Supplied data START

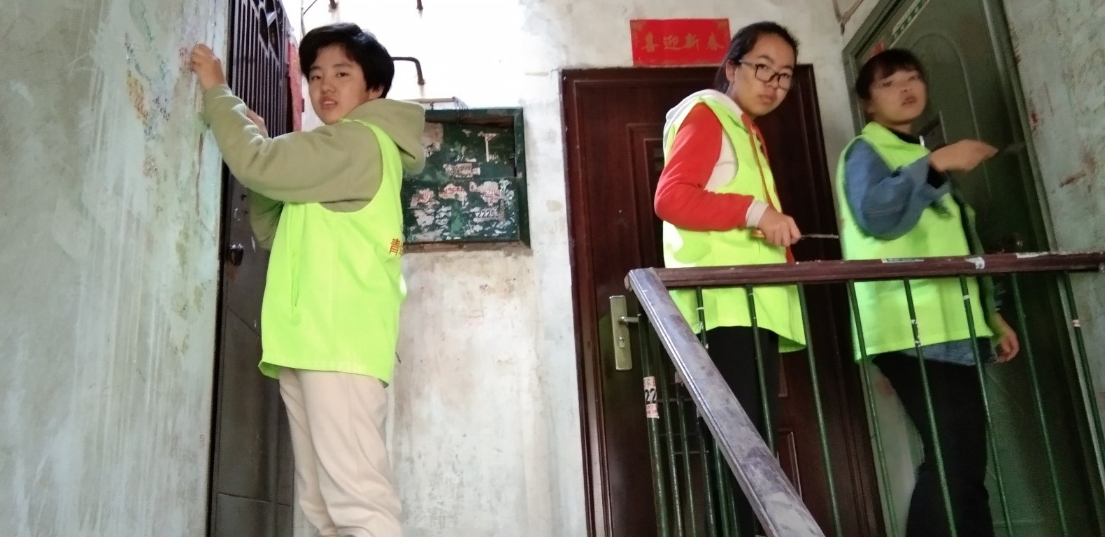 活动中,志愿者们首先了解了家属楼内的具体情况,在确定清扫的对象和工作方式后开始了打扫,主要打扫内容是清理墙上和楼梯上的小广告。在打扫过程中,志愿者们拿着铲子、喷壶等工具,一张一张的将小广告喷湿并铲除,不放过每一个死角。
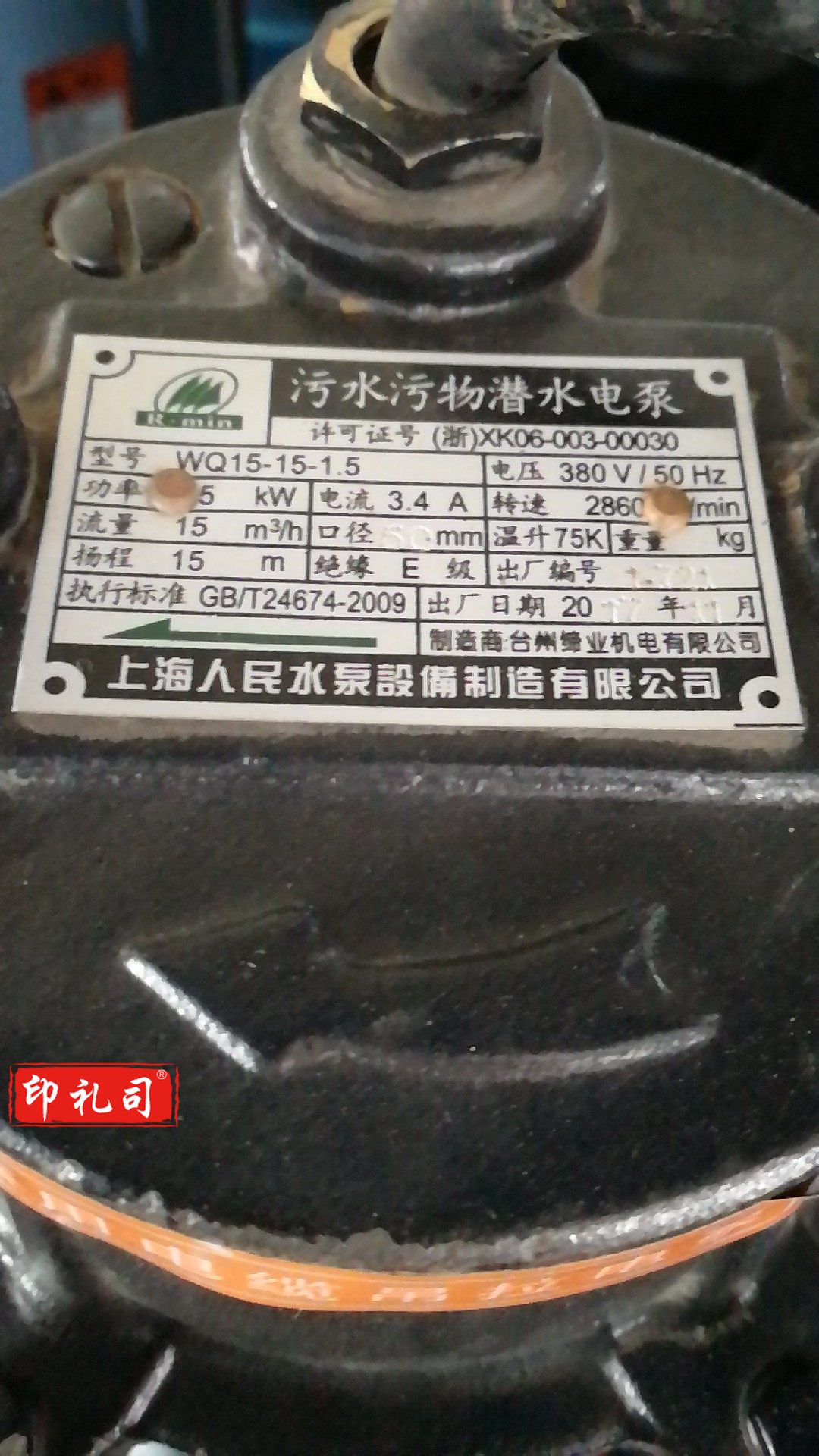 上海人民 污水污物 潜水泵 WQ15-15-1.5 2860/min 15m³/h 扬程15M
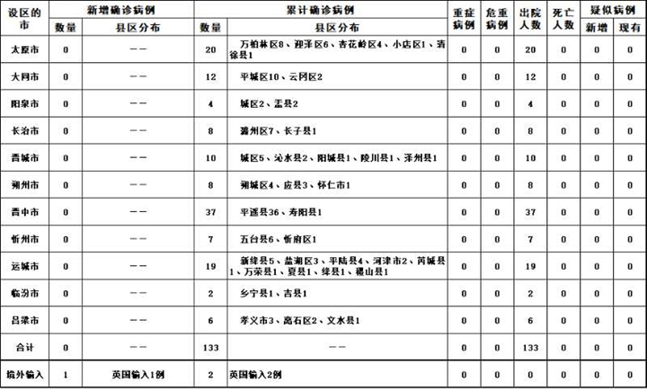 2020年3月25日0时至24时,山西省本地无新增新型冠状病毒肺炎确诊病例,累计报告确诊病例133例,治愈出院133例。无新增疑似病例,现有疑似病例0例。
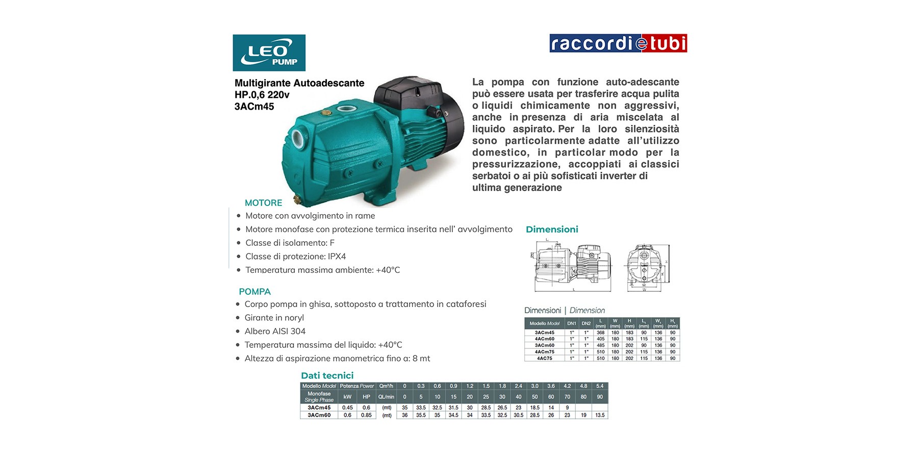• Einphasiger Motor mit integriertem thermischem Schutz
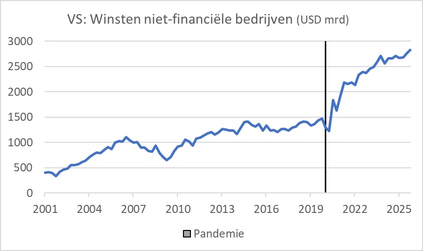 Ook elders hebben recente cijfers voornamelijk betrekking op de periode voor de hogere energieprijzen. En die cijfers zeggen dus allemaal niet zoveel. Ik beperk me daarom tot een plaatje dat ik niet vaak toon: de winsten van Amerikaanse niet-financiële bedrijven, zoals die gerapporteerd worden in de nationale rekeningen. De verticale lijn indiceert het uitbreken van de pandemie in het eerste kwartaal van 2020. Aandelenkoersen zijn de laatste jaren fors gestegen, behalve in 2022 toen de rente fors steeg. Aandelenkoersen worden in belangrijke mate beïnvloed door de bedrijfswinsten. Het interessante van het onderstaande plaatje is dat de bedrijfswinsten na de pandemie zeer sterk zijn toegenomen. Dat rechtvaardigt in ieder geval een belangrijk deel van de stijging van de aandelenkoersen. De meest recente gegevens uit het plaatje hebben betrekking op het vierde kwartaal 2025.

Supplied data END

## Problem requirements
Please transcribe word for word the lines from the one bearing "integriertem thermischem Schutz" through the last line of the records above, omitting the pictures.

## Exercise output
• Einphasiger Motor mit integriertem thermischem Schutz
 Ook elders hebben recente cijfers voornamelijk betrekking op de periode voor de hogere energieprijzen. En die cijfers zeggen dus allemaal niet zoveel. Ik beperk me daarom tot een plaatje dat ik niet vaak toon: de winsten van Amerikaanse niet-financiële bedrijven, zoals die gerapporteerd worden in de nationale rekeningen. De verticale lijn indiceert het uitbreken van de pandemie in het eerste kwartaal van 2020. Aandelenkoersen zijn de laatste jaren fors gestegen, behalve in 2022 toen de rente fors steeg. Aandelenkoersen worden in belangrijke mate beïnvloed door de bedrijfswinsten. Het interessante van het onderstaande plaatje is dat de bedrijfswinsten na de pandemie zeer sterk zijn toegenomen. Dat rechtvaardigt in ieder geval een belangrijk deel van de stijging van de aandelenkoersen. De meest recente gegevens uit het plaatje hebben betrekking op het vierde kwartaal 2025.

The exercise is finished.